We studied the function of the cycle-consistency loss and the residual attribute during the generation. We introduced two variants of HyperplaneGAN: one without the cycle-consistency loss and one without the residual attribute, in comparison with the original configuration. The comparison results of these models are demonstrated in Fig. 11.

Fig. 11
figure 11

Ablation study on the function of the cycle-consistency loss and the residual attribute. Two groups of samples were generated by HyperplaneGAN and its two variants, transferring bangs from the exemplars to the target images.

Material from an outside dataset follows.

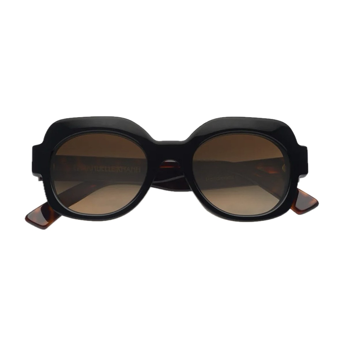 Emmanuelle Khanh frames embody Parisian elegance with bold, timeless lines, transforming every gaze into an icon of style. The Satin sunglasses refine the Maison’s bold and sophisticated aesthetic, standing out with a geometric design defined by sharp, modern lines. The silhouette is crafted from fine glossy black acetate, meticulously handmade in France, and enhanced with tortoiseshell acetate temples that add depth and an elegant chromatic contrast.The design is completed by gradient brown lenses that blend harmoniously with the frame, while the temples are adorned with the EK monogram in gold-toned metal set under resin.

Without the cycle-consistency loss, although the variant could generate images with specific attributes according to the exemplars, it also brought some unwanted changes and detail loss. For example, we wanted to change the bangs of examples in Fig. 11, but the variant also changed the hair styles. The possible reason is that without the cycle-consistency constraint, the generator tends to ignore details of original image so that the generated images are not consistent with the original. On the other hand, without introducing the residual attribute vectors, although the variant could achieve attribute transferring from the exemplars, but it tended to generate images that pander to the attribute classifier, resulting in the intensification of smiling attribute. This phenomenon of attribute intensification also happens in StarGAN and AttGAN. In comparison, the original configuration of the proposed model could overcome these problems and generated more realistic and consistent results in the experiments.

5 Conclusion

To integrate the concepts of attribute-guided facial attribute editing and exemplar-guided facial attribute editing, learning a disentangled representation and understanding its inherent characteristics in the latent space is a key factor for the success of an editing model. With this insight, we proposed an encoder-decoder model based on the adversarial learning, with assumption that facial images attributes are linearly separable in the latent space. We also designed novel modules and a training pipeline to form a unified and consistent transfer model for both types of facial editing. Extensive experiments demonstrated that proposed model is competent to accurately transfer specific attributes to the target images for both kinds of editing and generated more convincing results. However, our model was trained only on the low-resolution version of the CelebA dataset, and the performance of the model on other datasets, including non-face datasets, has not been verified. For future work, in addition to low-resolution static images, we aim to strengthen the ability of the proposed method in dealing with high-resolution images. We can also consider how to add temporal constraints for video facial editing.